Work instructions
Reproduce exactly the lines of this material that begin at the line with "Les deux suites" and end at the line with "玉树琼枝,银装素裹,腊梅的花", both included. Omit the pictures and everything else.

━━━ Provided entries

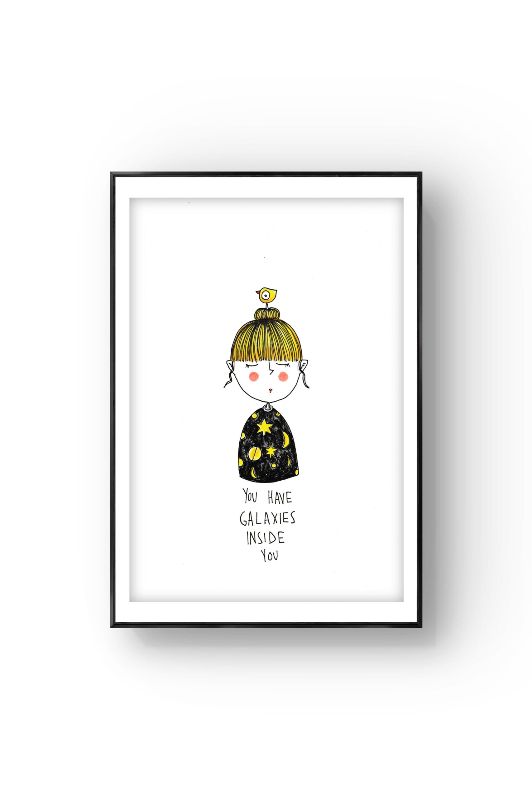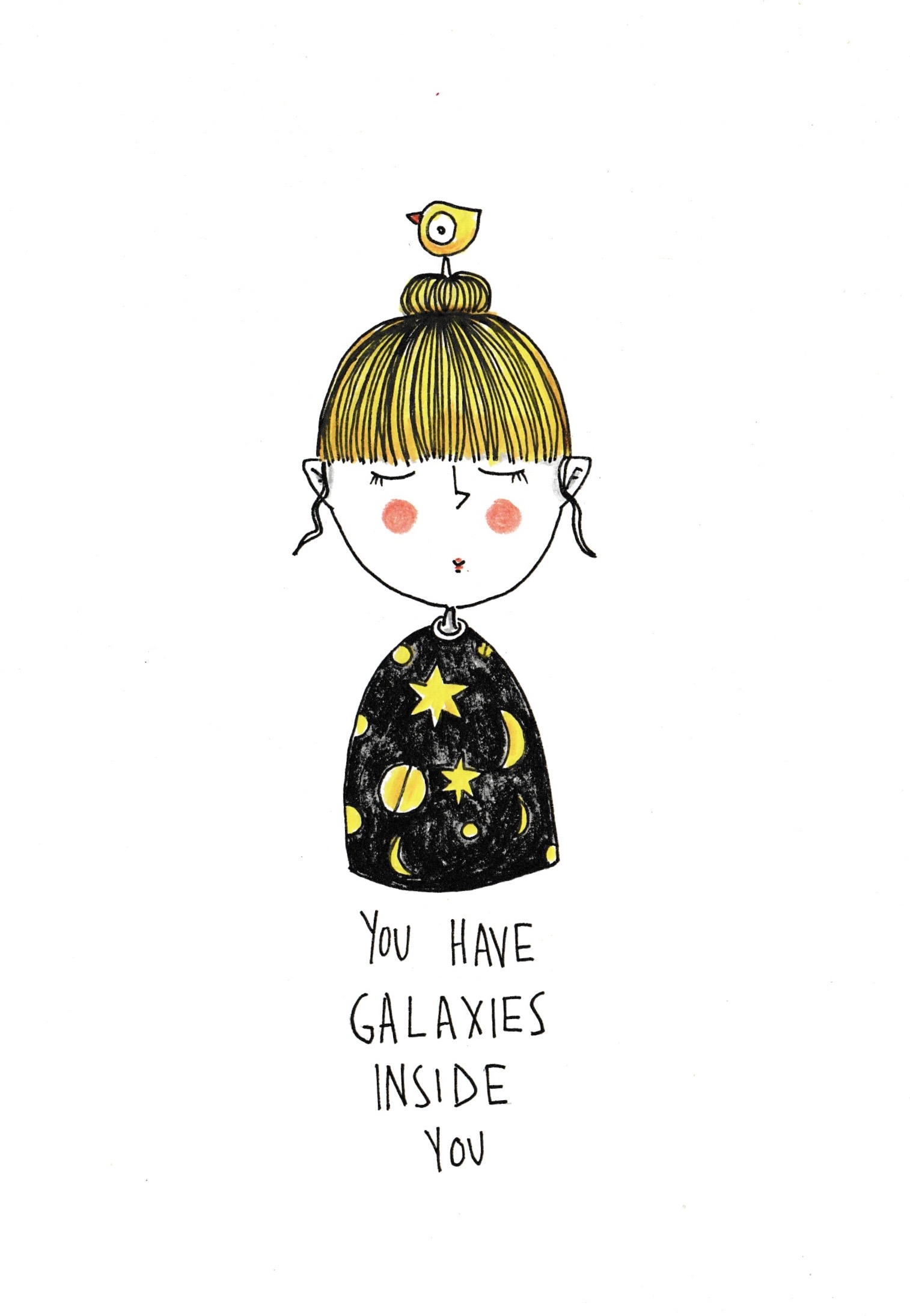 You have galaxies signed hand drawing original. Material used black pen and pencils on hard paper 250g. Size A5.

━━━━━━
━━━ Provided entries

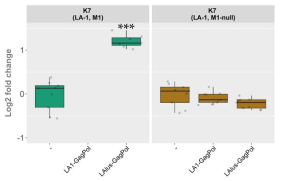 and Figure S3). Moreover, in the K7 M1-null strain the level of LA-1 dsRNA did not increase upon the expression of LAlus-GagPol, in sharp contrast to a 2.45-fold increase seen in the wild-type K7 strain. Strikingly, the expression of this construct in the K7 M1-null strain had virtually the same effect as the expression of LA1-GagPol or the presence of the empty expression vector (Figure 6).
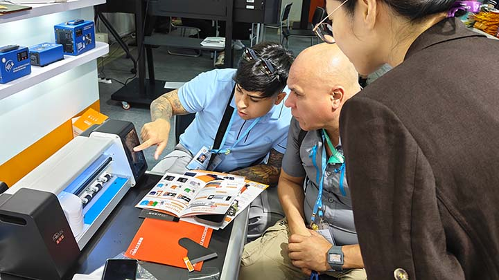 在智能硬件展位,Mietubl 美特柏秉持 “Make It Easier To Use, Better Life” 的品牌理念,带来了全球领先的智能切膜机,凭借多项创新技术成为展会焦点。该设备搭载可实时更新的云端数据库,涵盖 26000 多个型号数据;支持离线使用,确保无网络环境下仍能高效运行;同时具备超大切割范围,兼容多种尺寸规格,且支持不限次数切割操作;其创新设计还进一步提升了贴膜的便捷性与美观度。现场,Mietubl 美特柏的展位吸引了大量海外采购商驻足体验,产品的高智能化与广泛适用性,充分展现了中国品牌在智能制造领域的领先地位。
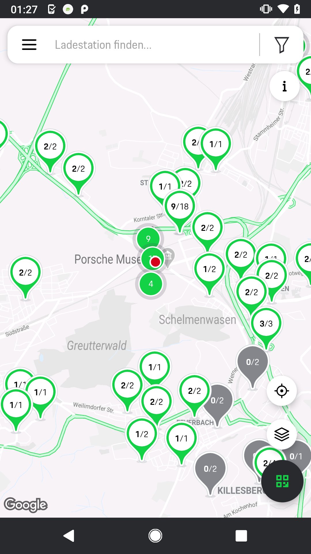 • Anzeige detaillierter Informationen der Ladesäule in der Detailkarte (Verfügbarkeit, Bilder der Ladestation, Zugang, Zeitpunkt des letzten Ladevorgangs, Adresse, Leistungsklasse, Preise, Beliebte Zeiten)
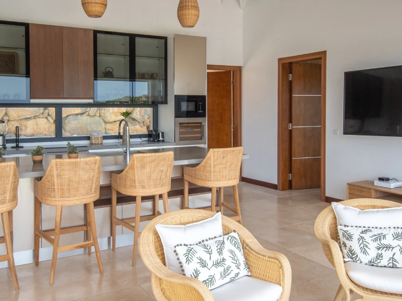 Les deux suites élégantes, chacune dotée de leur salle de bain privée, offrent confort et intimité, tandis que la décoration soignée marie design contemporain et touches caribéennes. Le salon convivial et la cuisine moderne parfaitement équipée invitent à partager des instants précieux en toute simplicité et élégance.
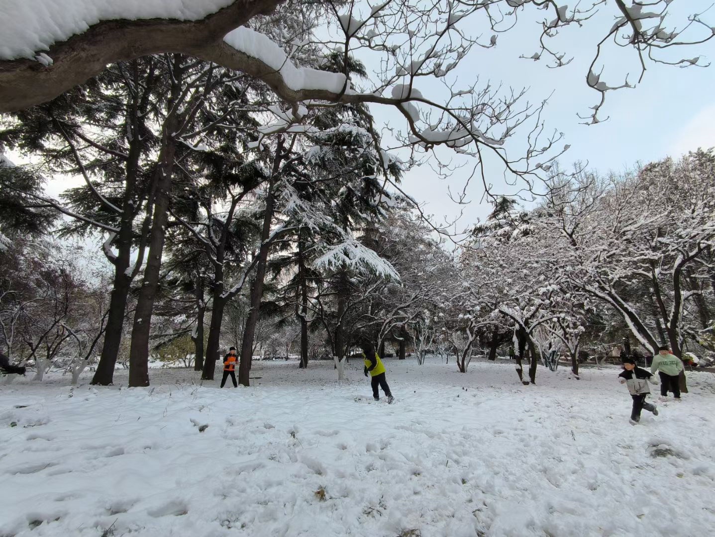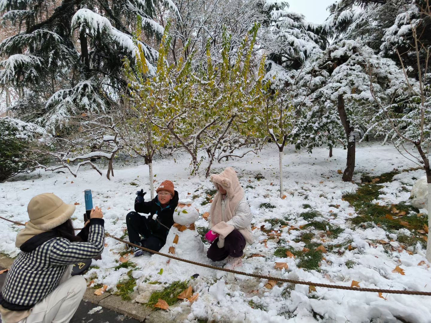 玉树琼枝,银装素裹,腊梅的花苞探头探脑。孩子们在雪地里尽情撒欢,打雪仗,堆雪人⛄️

━━━━━━

Task solution
 Les deux suites élégantes, chacune dotée de leur salle de bain privée, offrent confort et intimité, tandis que la décoration soignée marie design contemporain et touches caribéennes. Le salon convivial et la cuisine moderne parfaitement équipée invitent à partager des instants précieux en toute simplicité et élégance.
 玉树琼枝,银装素裹,腊梅的花苞探头探脑。孩子们在雪地里尽情撒欢,打雪仗,堆雪人⛄️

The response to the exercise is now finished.